We extracted the continuous (sampling frequency: 125 Hz) unfiltered single-lead ECG signal for all patients enrolled in the programme. These data were transmitted wirelessly to the remote monitoring endpoint, stored remotely and analysed retrospectively. The ECG recordings were divided into 1 min non-overlapping strips for easy comparison and standardisation. Each strip was analysed by the model for each arrhythmia, meaning that strips can fall into multiple categories. Up to 1000 strips for each arrhythmia type identified by the algorithm were randomly selected for human annotation, balanced by patient. Additionally, to determine a false negative rate (FNR), 2000 strips with no model-noted abnormality were randomly selected for human annotation from patients home hospitalised for a heart failure exacerbation or with known arrhythmia.

Gold standard annotation

Each of the randomly selected strips described above was annotated beat-by-beat by two expert technicians who were certified cardiac technicians and certified rhythm analysis technicians. A third senior technician analysed strips if there were incongruencies to break any discrepancies. In the event of multiple incongruencies, the senior technician’s reading prevailed. Each technician’s reading was reviewed by a cardiologist for accuracy before final labelling.
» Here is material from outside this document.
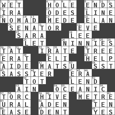ACROSS 1. Dripping 4. Hollow 8. Extremities 12. Lyricist Gershwin 13. Lyric poems 14. Actor's bit 15. Wanderer 18. Ancient Persian 19. Style 20. Elected representative 22. Night before a holiday 23. "Two Mules for Sister ____" 24. Area sheltered from the wind 25. Allow 26. Fools 30. Make lace 33. Feeling or showing extreme anger 36. Family _ (genealogy) 37. Part of Q.E.F. 39. Biblical high priest 40. Aid 41. Assistant 42. Taiwanese island in East China Sea 44. Fast jet (abbr.) 45. More lively and spirited 47. Epoch 50. Small child 51. Grant temporary use of 53. The 18th letter of the Arabic alphabet 54. Pertaining to the sea 57. Torque (variant) 59. Hub of activity 61. Distance measurement (Brit.) 63. Mountain range 64. An important port of Yemen 65. "___ Little Indians" 66. Comfort 67. Incision 68. Affirmative reply DOWN 1. Victory 2. Greek god of love 3. Makes less strong or intense 4. Like (prefix) 5. River in Europe 6. Directed 7. Compass dir. 8. Veterans Day date 9. Mediterranean tributary 10. Heredity factor (abbr.) 11. Elected rep. 16. Of or related to the anus 17. Have the gumption 21. Jacques of French films 22. Car or cant ending 24. Whopper 26. Nuclear Threat Initiatives 27. Angers 28. Snakelike fish 29. Back-to-school mo. 30. Afternoon social gatherings 31. Operatic vocal solo 32. Small boys 34. Hitchcock's "____ Window" 35. The first octave above the treble staff 38. A testis 42. Was introduced to 43. Ubangi River tributary 46. Electrically charged atom 48. 480, 500 or 516 sheets of paper 49. Singer Murray 52. Short, simple song 53. Caspian sea tributary 54. Baking chamber 55. Penny 56. Algonquian 57. Third day of the wk. 58. Mouth or opening 59. Possessed 60. Binary compound 62. Followers of ems
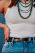 Skinny western belt made with genuine leather and matching shiny silver hardware engraved with floral designs at the belt buckle, loop, and end piece.

Prior algorithm development

The ECG interpretation algorithm is a hybrid machine learning model developed separately from and prior to the present study using a different patient cohort. It was originally trained on approximately 3 700 000 annotated single-lead ECGs of US adult patients with heart failure and atrial fibrillation (AFIB) monitored at home between 2015 and 2018 (RhythmAnalytics, Biofourmis). The data were captured via Holter monitor at a sampling rate of 256 Hz. Without manual preprocessing, the model was trained to autonomously identify AFIB, pause, paroxysmal supraventricular tachycardia (PSVT), premature ventricular contraction (PVC), sinus bradycardia, sinus tachycardia, ventricular bigeminy, ventricular trigeminy and normal sinus rhythm (figure 2). The distribution of arrhythmias in the training set and the model’s performance against the training data set are shown in online supplemental tables S1 and S2.

Figure 2

Example ECGs demonstrating arrhythmias. (A) Atrial fibrillation. (B) Sinus bradycardia. (C) Normal sinus rhythm. (D) Pause. (E) Paroxysmal supraventricular tachycardia. (F) Sinus tachycardia. (G) Ventricular bigeminy. (H) Ventricular trigeminy.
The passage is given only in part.